- _REQUIRED WORK_
Before you return the lines below, strip out any images and keep every word as written.

- _GIVEN DATA_
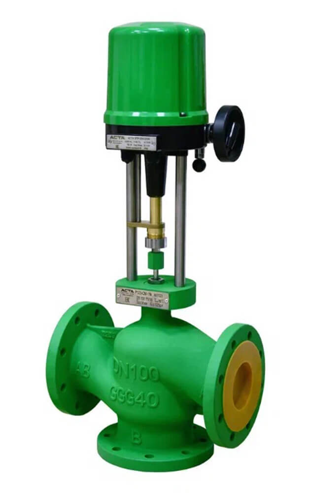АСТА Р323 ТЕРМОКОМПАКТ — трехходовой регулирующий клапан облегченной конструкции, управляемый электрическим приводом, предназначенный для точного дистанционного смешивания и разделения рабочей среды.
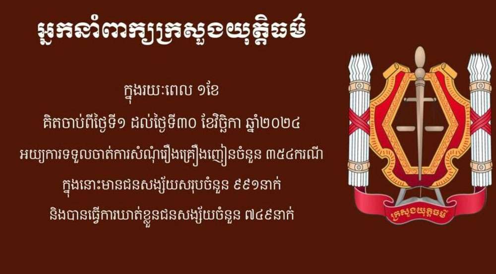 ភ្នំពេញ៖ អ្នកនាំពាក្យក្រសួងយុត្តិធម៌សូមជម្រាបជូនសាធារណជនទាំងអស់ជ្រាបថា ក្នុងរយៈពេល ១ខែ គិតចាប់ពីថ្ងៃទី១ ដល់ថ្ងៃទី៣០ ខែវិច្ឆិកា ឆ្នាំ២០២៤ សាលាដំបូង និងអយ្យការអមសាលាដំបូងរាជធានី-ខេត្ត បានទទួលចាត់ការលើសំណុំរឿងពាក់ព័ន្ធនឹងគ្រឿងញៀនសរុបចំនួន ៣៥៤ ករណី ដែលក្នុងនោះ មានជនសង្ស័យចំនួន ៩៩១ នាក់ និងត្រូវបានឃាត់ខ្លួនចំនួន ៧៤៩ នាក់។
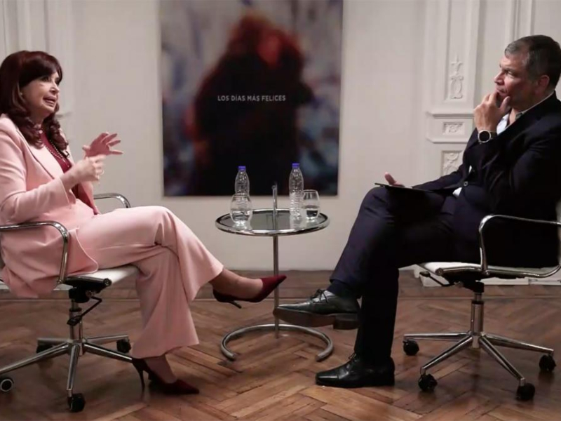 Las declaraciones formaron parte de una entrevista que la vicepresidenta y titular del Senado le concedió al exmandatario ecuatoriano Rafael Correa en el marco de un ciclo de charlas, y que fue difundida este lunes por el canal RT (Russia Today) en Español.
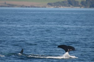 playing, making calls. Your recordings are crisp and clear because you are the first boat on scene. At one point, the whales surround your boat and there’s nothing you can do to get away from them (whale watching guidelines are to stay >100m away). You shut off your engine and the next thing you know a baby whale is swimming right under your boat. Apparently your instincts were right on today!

- _TASK RESPONSE_
АСТА Р323 ТЕРМОКОМПАКТ — трехходовой регулирующий клапан облегченной конструкции, управляемый электрическим приводом, предназначенный для точного дистанционного смешивания и разделения рабочей среды.
 ភ្នំពេញ៖ អ្នកនាំពាក្យក្រសួងយុត្តិធម៌សូមជម្រាបជូនសាធារណជនទាំងអស់ជ្រាបថា ក្នុងរយៈពេល ១ខែ គិតចាប់ពីថ្ងៃទី១ ដល់ថ្ងៃទី៣០ ខែវិច្ឆិកា ឆ្នាំ២០២៤ សាលាដំបូង និងអយ្យការអមសាលាដំបូងរាជធានី-ខេត្ត បានទទួលចាត់ការលើសំណុំរឿងពាក់ព័ន្ធនឹងគ្រឿងញៀនសរុបចំនួន ៣៥៤ ករណី ដែលក្នុងនោះ មានជនសង្ស័យចំនួន ៩៩១ នាក់ និងត្រូវបានឃាត់ខ្លួនចំនួន ៧៤៩ នាក់។
 Las declaraciones formaron parte de una entrevista que la vicepresidenta y titular del Senado le concedió al exmandatario ecuatoriano Rafael Correa en el marco de un ciclo de charlas, y que fue difundida este lunes por el canal RT (Russia Today) en Español.
 playing, making calls. Your recordings are crisp and clear because you are the first boat on scene. At one point, the whales surround your boat and there’s nothing you can do to get away from them (whale watching guidelines are to stay >100m away). You shut off your engine and the next thing you know a baby whale is swimming right under your boat. Apparently your instincts were right on today!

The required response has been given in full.